How to Find Accredited Investors

If you're looking for accredited investors you need to know where to look and what to look for.
If you're looking for accredited investors you need to know where to look and what to look for. (Image: cash image by Alexey Klementiev from

"Accredited investor" is a legal term, coined by the Securities and Exchange Commission, which refers to someone with a certain amount of investor savvy or sophistication. Specifically, the SEC defines an accredited investor as someone with a net worth of at least $1 million, an annual income above $200,000 or a joint annual income of $300,000. This is an important consideration when searching for people to invest in your business venture as it is against the law to raise money from more than 35 non-accredited investors. The hard part is knowing where to look for these high net worth investors.

Contact a broker/dealer registered with the SEC. While he may not be able to provide you with information about clientele, under the Exchange Act a broker/dealer can purchase investment securities for its own account and can be considered an accredited investor.

Work with a banker or financial adviser to find qualified trusts. A trust with assets in excess of $5 million is considered an accredited investor as long as the trust was not created for the sole purpose of investing in your business venture.

Talk to non-profit, charitable organizations, corporations or other business partnerships. If their combined assets exceed $5 million, the entity is considered to be an accredited investor. Fund raising or development is the best place to locate qualified donors in non-profit organizations.

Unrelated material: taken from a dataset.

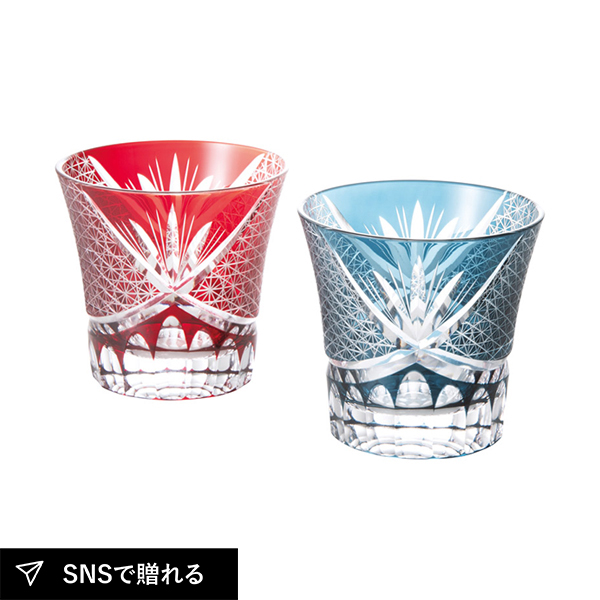 少し厚みのある色ガラスに、丁寧にいくつものカットを重ねて生まれる美しい模様の切子グラス。カットに映った光が屈折し、1本1本の線が放つ美しい輝きをお楽しみいただけます。カットの凹凸を手で触れて、手作りの温かみを感じることができるグラスです。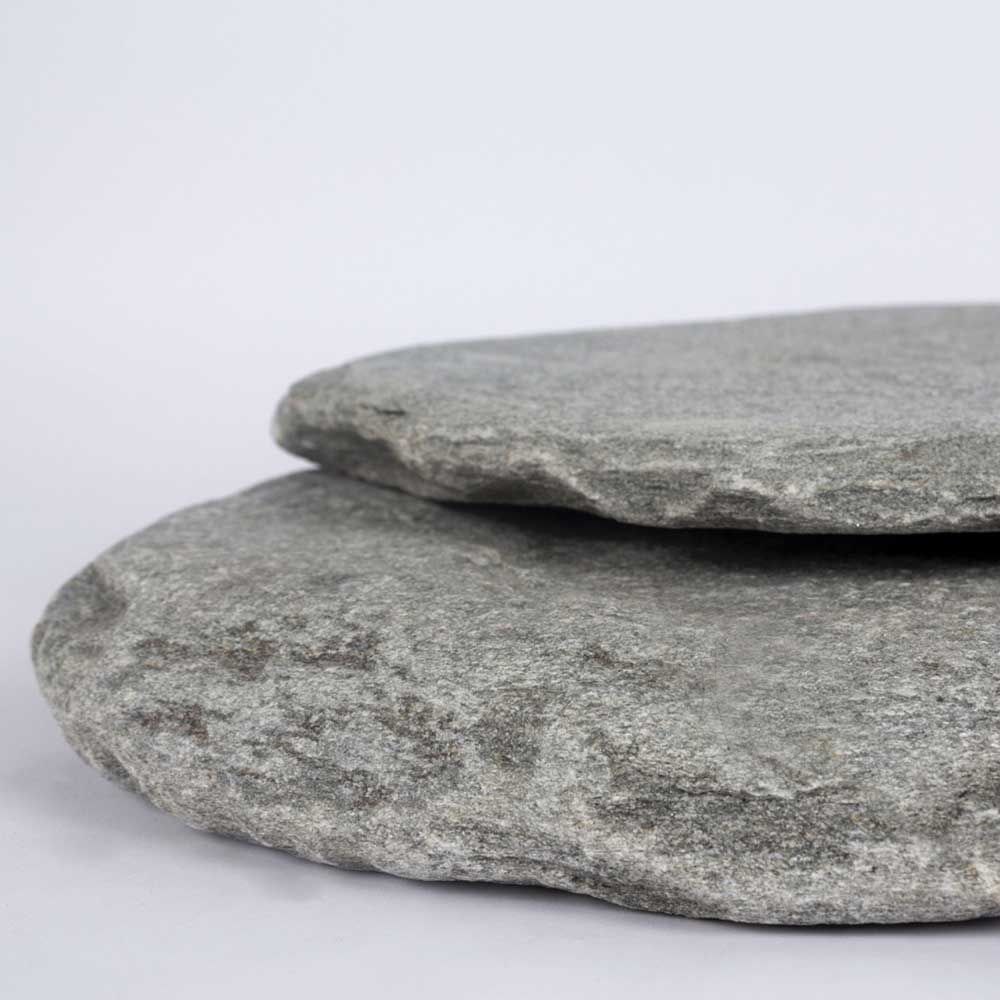 Amenajarea gradinii constituie un cult in Tara Soarelui Rasare, japonezii sunt recunoscuti prin echilibrul interior si prin siguranta miscarilor. “Pasii” japonezi antichizati din ardezie, sunt produsi din piatra naturala poligonala Kavala. Pietrele, de forme poligonale/diferite si cu aspect de roca antica (cu marginile rotunjite), se potrivesc perfect in orice amenajare de gradina, conferindu-i acesteia spatialitate, echilibru si o atmosfera relaxata. Alege din varianta normala (D: 30cm) sau varianta XXL (peste D:40cm), ambele variante au 3-4cm grosime.

Use the funds from a director, executive officer or partner of the company wishing to attract funds. These people, while connected to the venture, can be included in the pool of accredited investors for the offering.

Contact local angel investors. Angel investors are investors that are interested in providing start up financing for new businesses. They also usually know other potential accredited investors. Presenting to angel investors is also a great way to gain experience with presenting your ideas.

Tips & Warnings

  • Accredited investor is a legal term, so be sure to request the advice of an attorney specializing in securities law before starting the fund-raising process.